= Liu Zhuan =

Liu Zhuan (劉瑑; 796 – June 20, 858), courtesy name Ziquan (子全), was an official of the Chinese Tang dynasty, who served briefly as a chancellor during the reign of Emperor Xuānzong.

== Background and early career ==
Liu Zhuan was born in 796, during the reign of Emperor Dezong. His family was from Pengcheng. and originally claimed ancestry from the Han dynasty prince Liu Kai (劉開) the Prince of Hejian, a son of Emperor Zhang of Han. Liu Zhuan was a fifth-generation descendant of the early Tang chancellor and general Liu Rengui; his grandfather Liu Fan (劉藩) served on the staff of a military governor (jiedushi), and his father Liu Wei (劉煟) served as a prefectural prefect.

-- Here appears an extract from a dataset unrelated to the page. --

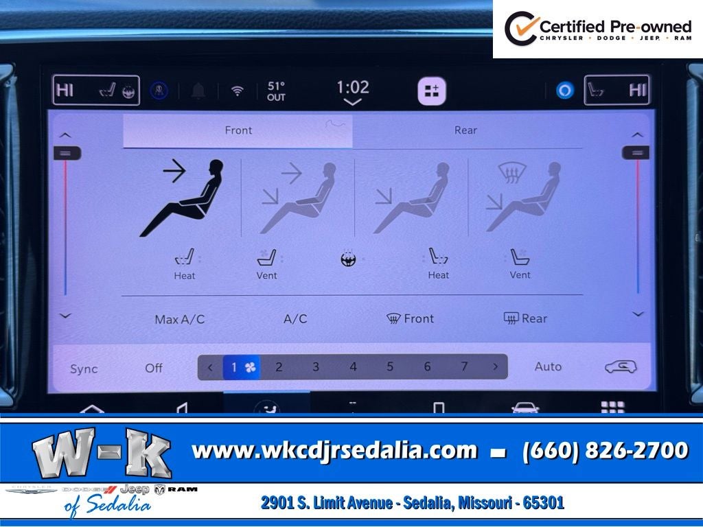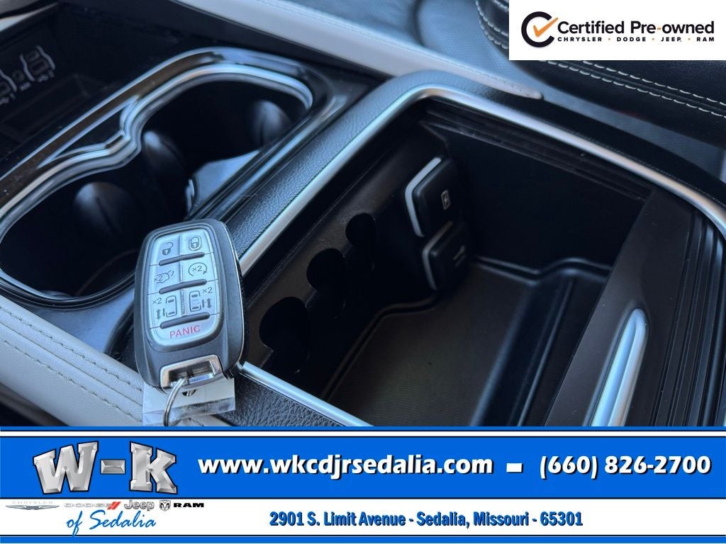 CPO Gold Warranty Certified, Navigation System, Quick Order Package 27P, 13 Speakers, 3.25 Axle Ratio, 3rd row seats: split-bench, 4-Wheel Disc Brakes, ABS brakes, Air Conditioning, Alloy wheels, AM/FM radio: SiriusXM 360L, Apple CarPlay/Android Auto, Audio memory, Auto-dimming Rear-View mirror, Automatic temperature control, Black Seats, Bodyside moldings, Brake assist, Bumpers: body-color, Compass, Delay-off headlights, Driver door bin, Driver vanity mirror, Driver's Seat Mounted Armrest, Dual front impact airbags, Dual front side impact airbags, Electronic Stability Control, Emergency communication system: SiriusXM Guardian, Four wheel independent suspension, Front anti-roll bar, Front Bucket Seats, Front dual zone A/C, Front fog lights, Front reading lights, Fully automatic headlights, Garage door transmitter, Heated door mirrors, Heated front seats, Heated rear seats, Heated steering wheel, Illuminated entry, Integrated Active Noise Cancellation, Knee airbag, Low tire pressure warning, Memory seat, Nappa Leather Bucket Seats, Occupant sensing airbag, Outside temperature display, Overhead airbag, Overhead console, Panic alarm, ParkView Rear Back-Up Camera, Passenger door bin, Passenger seat mounted armrest, Passenger vanity mirror, Power door mirrors, Power driver seat, Power Folding 3rd Row Seat, Power Liftgate, Power moonroof, Power passenger seat, Power steering, Power windows, Radio data system, Radio: Uconnect 5 Nav w/10.1 Display, Rain sensing wipers, Rear air conditioning, Rear reading lights, Rear window defroster, Rear window wiper, Reclining 3rd row seat, Remote keyless entry, Roof rack, Security system, Speed control, Split folding rear seat, Spoiler, Steering wheel mounted audio controls, Tachometer, Telescoping steering wheel, Tilt steering wheel, Touring Suspension, Traction control, Trip computer, Turn signal indicator mirrors, Variably intermittent wipers, Ventilated front seats, Voltmeter, Wheels: 18 x 7.5 Painted Aluminum Design 2, Navigation System, Quick Order Package 27P.

Liu Zhuan passed the imperial examinations in the Jinshi class early in the Kaicheng era (836–840) of Emperor Dezong's great-great-grandson Emperor Wenzong. Subsequently, when the former chancellor Chen Yixing served as the prefect of Hua Prefecture (華州, in modern Weinan, Shaanxi), he invited Liu to serve as his assistant in his capacity as the commander of the Hua Prefecture-based Zhenguo Army (鎮國軍). Liu was later recalled to the capital Chang'an to serve as Zuo Shiyi (左拾遺), a low-level advisory official at the examination bureau of government (門下省, Menxia Sheng). It was said that he submitted many petitions advising Emperor Wenzong's brother and successor Emperor Wuzong against believing in the claims of Taoist alchemists. Late in Emperor Wuzong's Huichang era (841–846), he was put in charge of drafting edicts, and was also made Zhongshu Sheren (中書舍人), a mid-level official at the legislative bureau (中書省, Zhongshu Sheng).

== During Emperor Xuānzong's reign ==
Early in the Dazhong era (847–860) of Emperor Wuzong's uncle and successor Emperor Xuānzong, Liu Zhuan was made an imperial scholar (翰林學士, Hanlin Xueshi). At that time, Emperor Xuānzong was conducting a campaign to recover the territory that had been lost to Tufan decades earlier, and there were numerous campaign-related edicts to be issued, sometimes numbering tens each night. It was said that Liu, while drafting them, was able to use appropriate language despite the large volumes he needed to draft. In 850, during a campaign against the Dangxiang, he was made the monitor of the troops against the Dangxiang.

After his return from the Dangxiang campaign, Liu was made the deputy minister of justice (刑部侍郎, Xingbu Shilang). While serving that role, he collected a large number of edicts that could be used as precedents for rulings, on 2,865 matters, into a collection titled the Collection of Precedents for Dazhong Laws (大中刑律統類), and it was said that legal scholars applauded the collection for its completeness. Liu later served as the mayor of Henan Municipality (河南, i.e., the region of the eastern capital Luoyang), and then the military governor of Xuanwu Circuit (宣武, headquartered in modern Kaifeng, Henan). It was customary at that time that there would be dancing women at feasts that governors held for the soldiers, but Liu considered it inappropriate for a military feast; he thus selected a group of 1,000 soldiers and trained them in the use of spears and shields, and had them serve as the ceremonial dancers. He also ended the night curfew for the people so that the people could be convenienced. It was said that the region was peaceful while he governed it. He was later transferred to Hedong Circuit (河東, headquartered in modern Taiyuan, Shanxi). Soon thereafter, he was recalled to Chang'an to serve as the deputy minister of census (戶部侍郎, Hubu Shilang) and the director of finances. It was said that because Emperor Xuānzong had respected Liu greatly, he personally wrote the edict recalling Liu, such that Liu's departure from Hedong Circuit came as a complete surprise to his staff and others.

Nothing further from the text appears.